(Beginning of Recorded data)
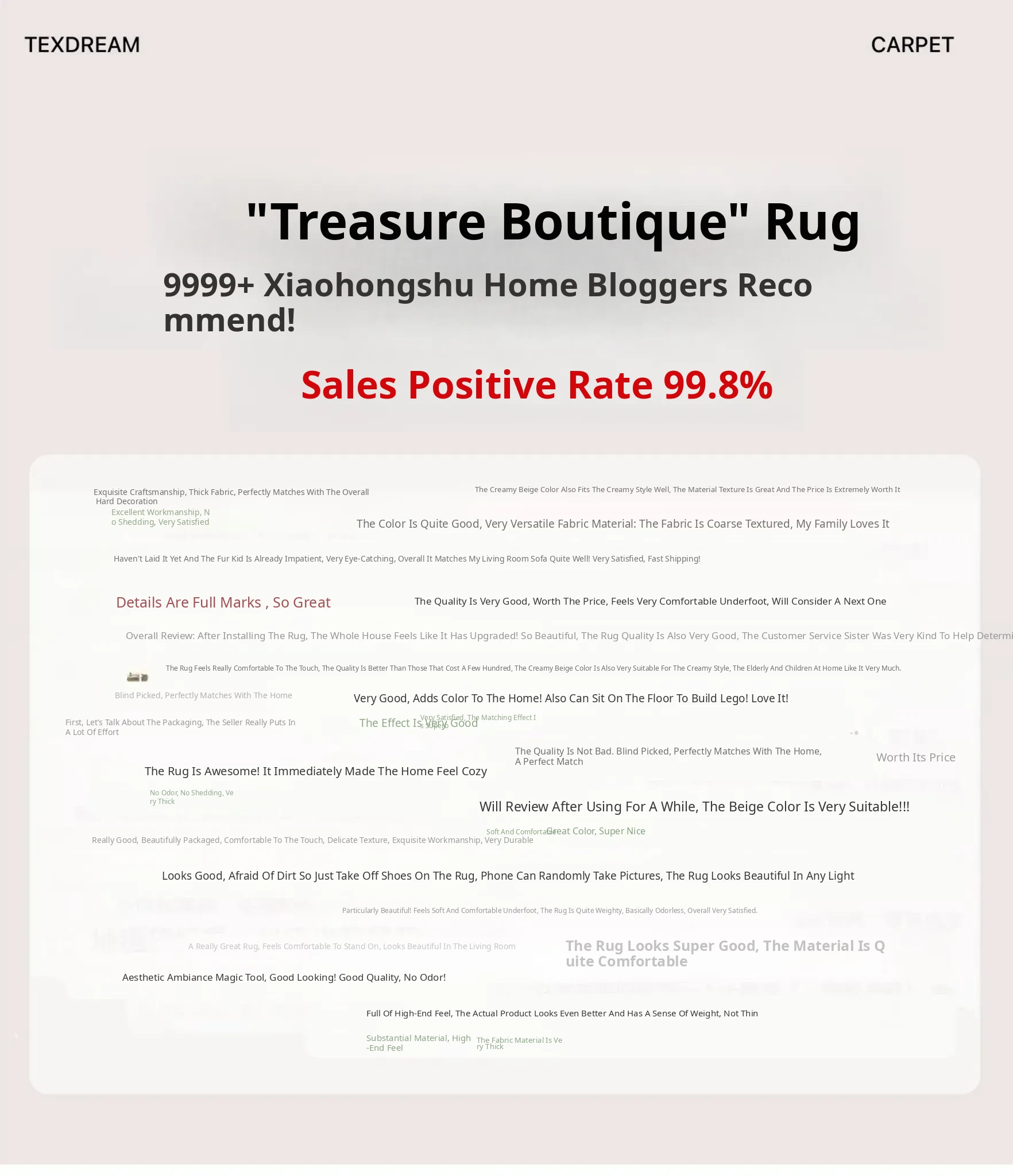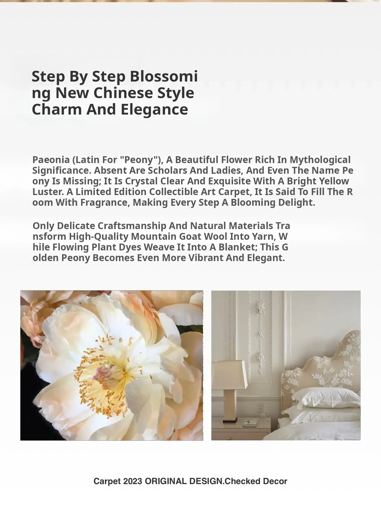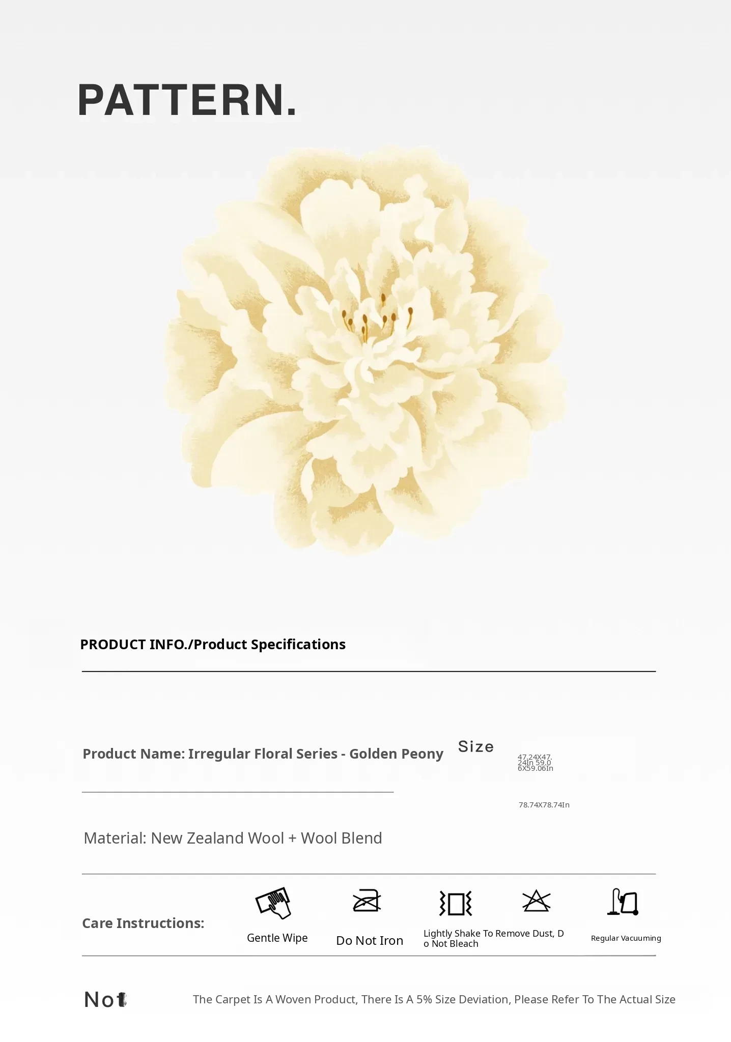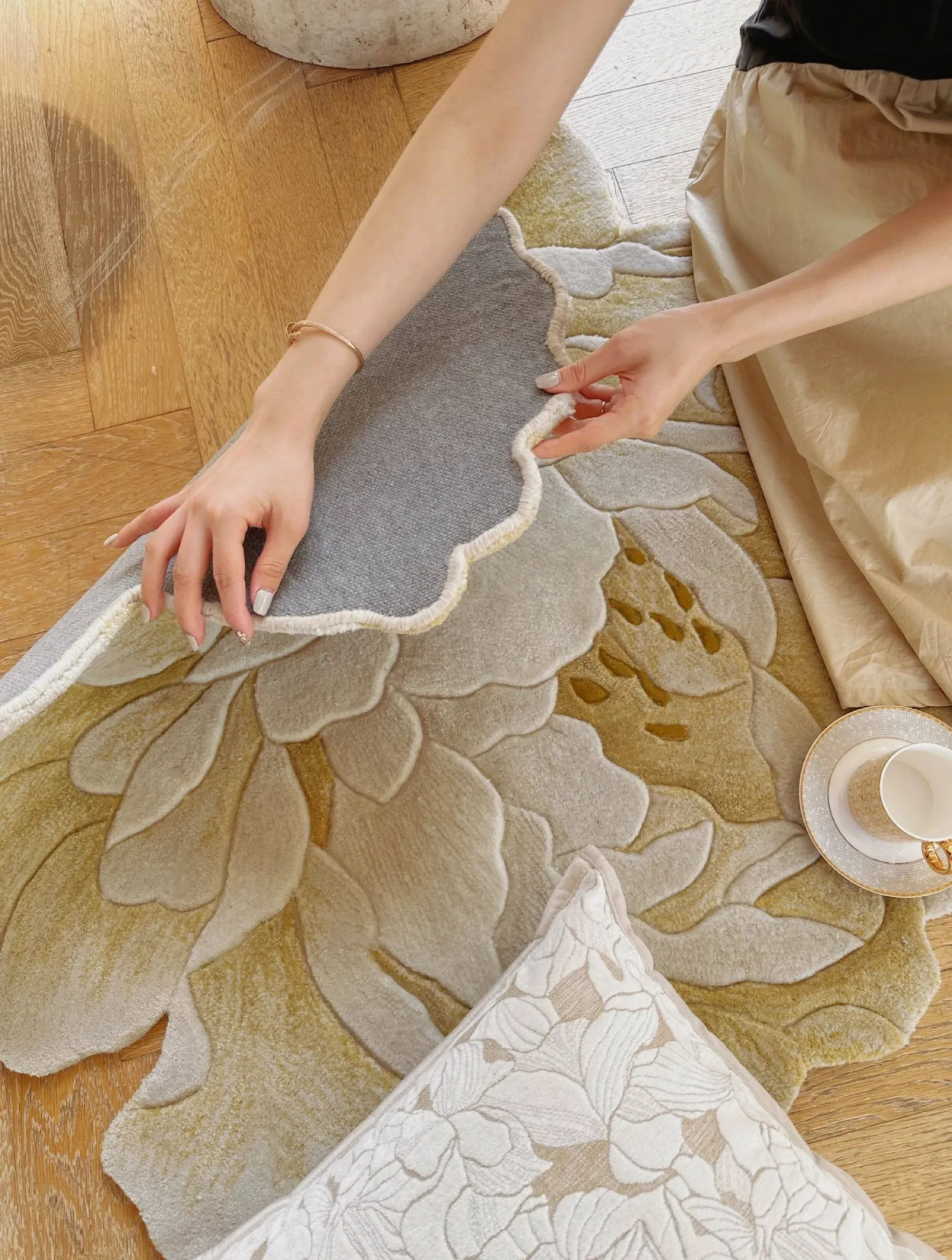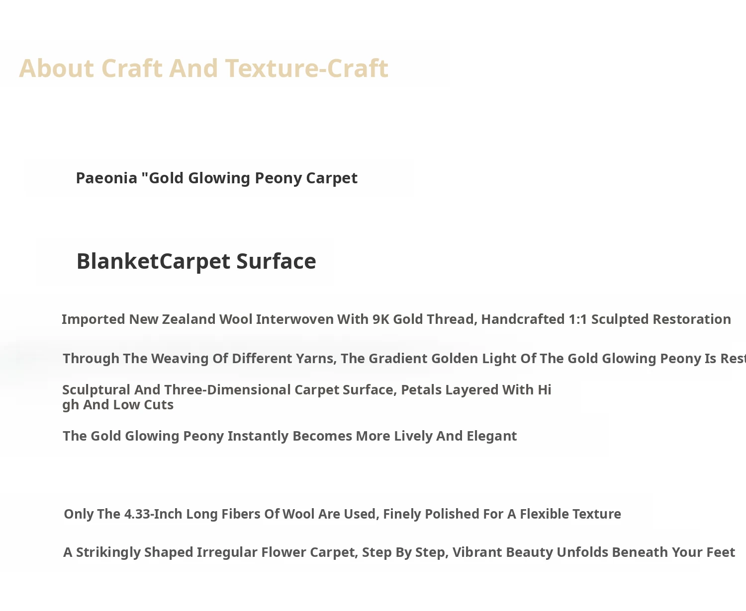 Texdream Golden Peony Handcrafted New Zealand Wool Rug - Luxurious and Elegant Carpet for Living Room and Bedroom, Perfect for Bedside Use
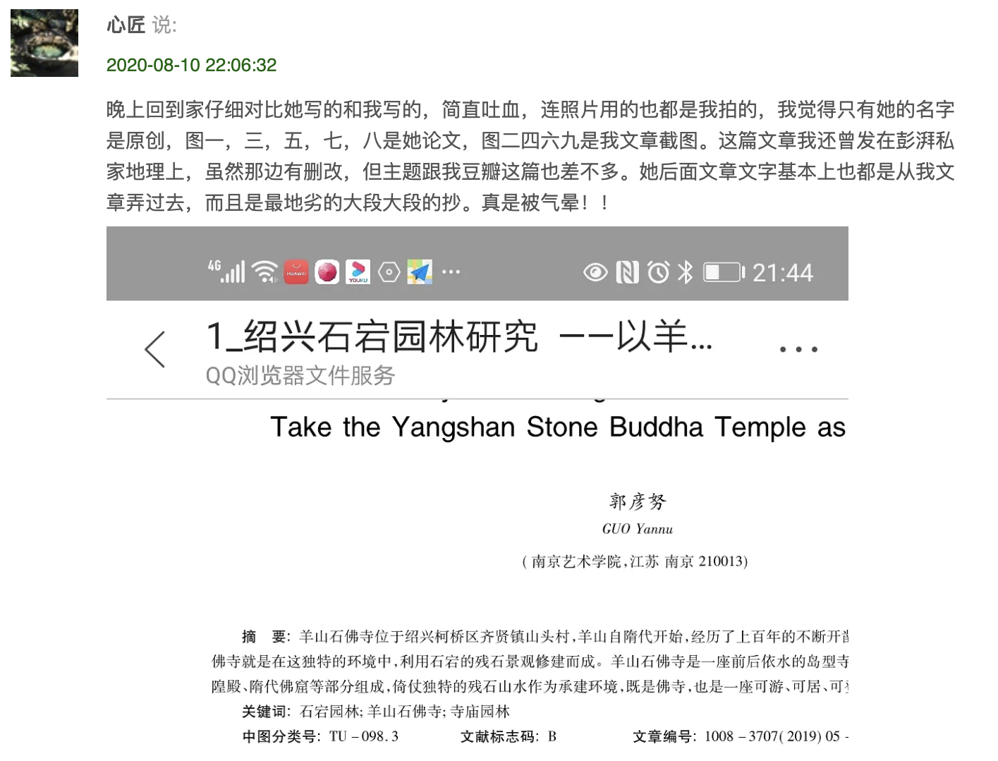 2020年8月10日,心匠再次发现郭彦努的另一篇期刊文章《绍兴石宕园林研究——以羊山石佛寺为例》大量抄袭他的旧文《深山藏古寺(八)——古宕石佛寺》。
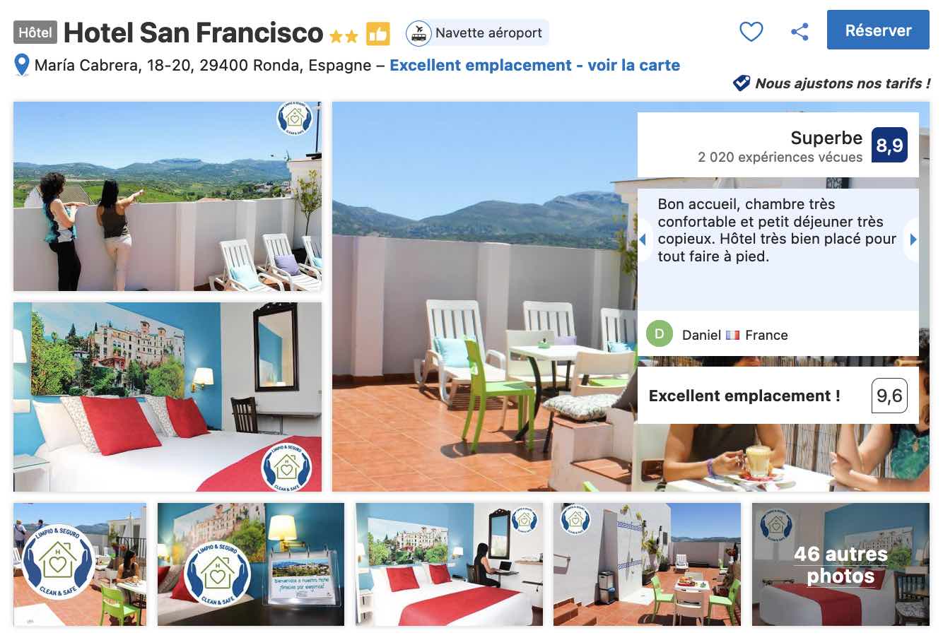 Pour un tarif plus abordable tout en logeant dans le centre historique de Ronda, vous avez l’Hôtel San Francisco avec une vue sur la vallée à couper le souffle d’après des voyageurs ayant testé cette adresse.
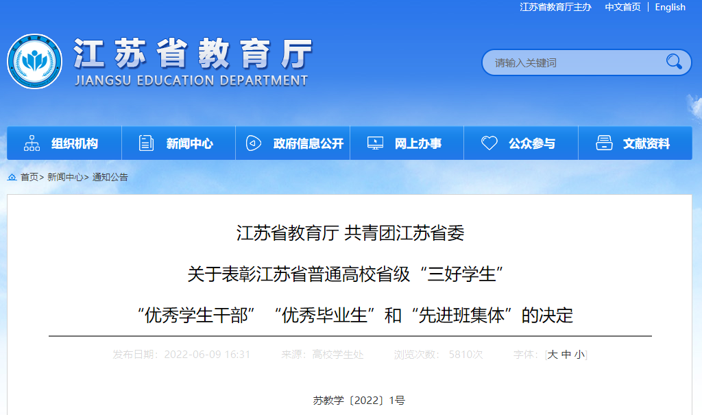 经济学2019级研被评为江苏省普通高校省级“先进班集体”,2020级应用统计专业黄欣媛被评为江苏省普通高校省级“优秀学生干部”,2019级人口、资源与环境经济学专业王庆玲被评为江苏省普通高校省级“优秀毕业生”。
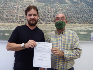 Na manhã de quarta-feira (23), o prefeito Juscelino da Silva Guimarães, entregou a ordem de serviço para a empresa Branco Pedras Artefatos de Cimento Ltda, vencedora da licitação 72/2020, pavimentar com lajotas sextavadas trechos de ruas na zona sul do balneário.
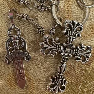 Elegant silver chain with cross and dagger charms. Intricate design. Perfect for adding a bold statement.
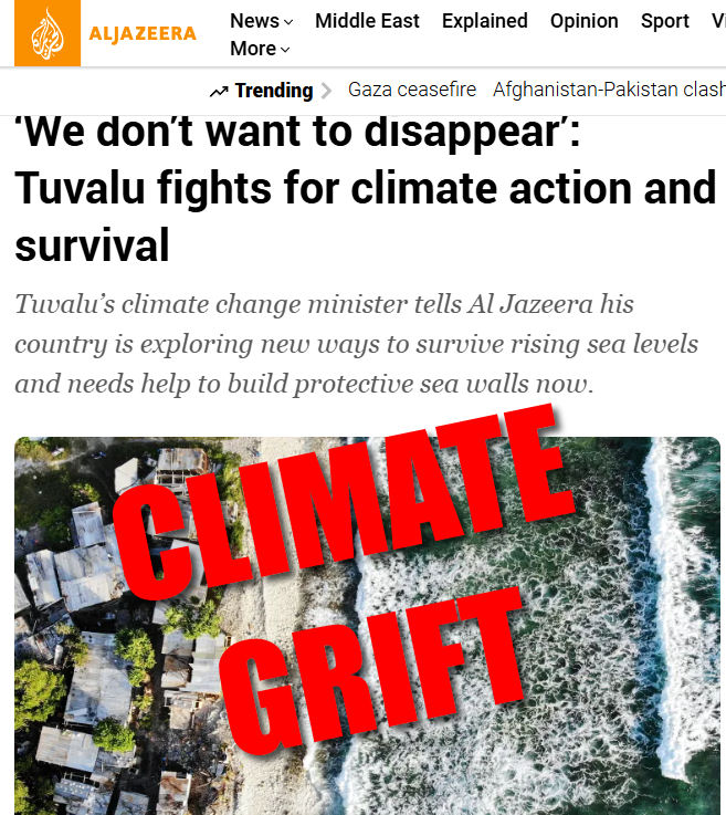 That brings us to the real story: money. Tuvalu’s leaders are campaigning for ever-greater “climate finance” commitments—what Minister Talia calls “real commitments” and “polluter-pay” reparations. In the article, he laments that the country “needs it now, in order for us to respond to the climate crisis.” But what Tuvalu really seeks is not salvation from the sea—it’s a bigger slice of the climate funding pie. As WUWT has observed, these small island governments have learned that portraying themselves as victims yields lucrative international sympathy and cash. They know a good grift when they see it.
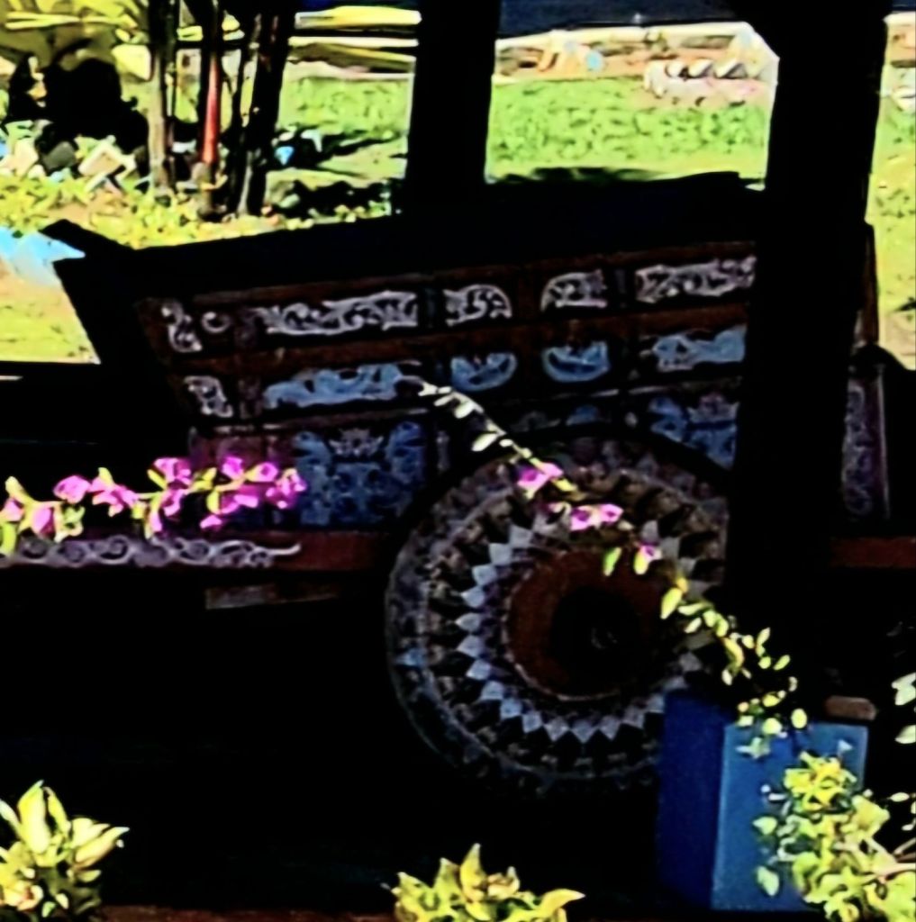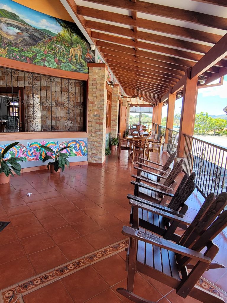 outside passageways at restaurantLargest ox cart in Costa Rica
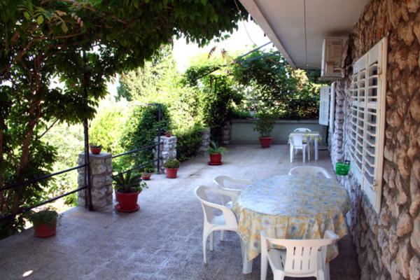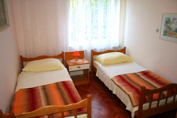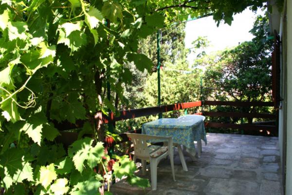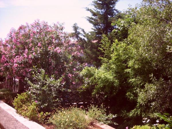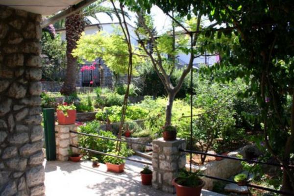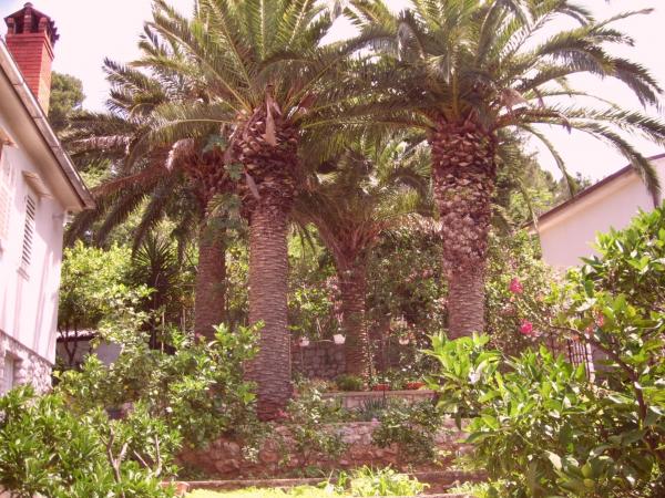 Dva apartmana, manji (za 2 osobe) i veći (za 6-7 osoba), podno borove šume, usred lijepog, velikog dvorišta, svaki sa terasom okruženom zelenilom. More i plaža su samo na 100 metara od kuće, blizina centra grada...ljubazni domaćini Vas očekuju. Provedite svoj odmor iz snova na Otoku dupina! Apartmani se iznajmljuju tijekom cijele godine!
(End of Recorded data)
● **Brief**:
When you set down the records above, copy every line exactly and exclude the pictures.

● **Finished exercise**:
 Texdream Golden Peony Handcrafted New Zealand Wool Rug - Luxurious and Elegant Carpet for Living Room and Bedroom, Perfect for Bedside Use
 2020年8月10日,心匠再次发现郭彦努的另一篇期刊文章《绍兴石宕园林研究——以羊山石佛寺为例》大量抄袭他的旧文《深山藏古寺(八)——古宕石佛寺》。
 Pour un tarif plus abordable tout en logeant dans le centre historique de Ronda, vous avez l’Hôtel San Francisco avec une vue sur la vallée à couper le souffle d’après des voyageurs ayant testé cette adresse.
 经济学2019级研被评为江苏省普通高校省级“先进班集体”,2020级应用统计专业黄欣媛被评为江苏省普通高校省级“优秀学生干部”,2019级人口、资源与环境经济学专业王庆玲被评为江苏省普通高校省级“优秀毕业生”。
 Na manhã de quarta-feira (23), o prefeito Juscelino da Silva Guimarães, entregou a ordem de serviço para a empresa Branco Pedras Artefatos de Cimento Ltda, vencedora da licitação 72/2020, pavimentar com lajotas sextavadas trechos de ruas na zona sul do balneário.
 Elegant silver chain with cross and dagger charms. Intricate design. Perfect for adding a bold statement.
 That brings us to the real story: money. Tuvalu’s leaders are campaigning for ever-greater “climate finance” commitments—what Minister Talia calls “real commitments” and “polluter-pay” reparations. In the article, he laments that the country “needs it now, in order for us to respond to the climate crisis.” But what Tuvalu really seeks is not salvation from the sea—it’s a bigger slice of the climate funding pie. As WUWT has observed, these small island governments have learned that portraying themselves as victims yields lucrative international sympathy and cash. They know a good grift when they see it.
 outside passageways at restaurantLargest ox cart in Costa Rica
 Dva apartmana, manji (za 2 osobe) i veći (za 6-7 osoba), podno borove šume, usred lijepog, velikog dvorišta, svaki sa terasom okruženom zelenilom. More i plaža su samo na 100 metara od kuće, blizina centra grada...ljubazni domaćini Vas očekuju. Provedite svoj odmor iz snova na Otoku dupina! Apartmani se iznajmljuju tijekom cijele godine!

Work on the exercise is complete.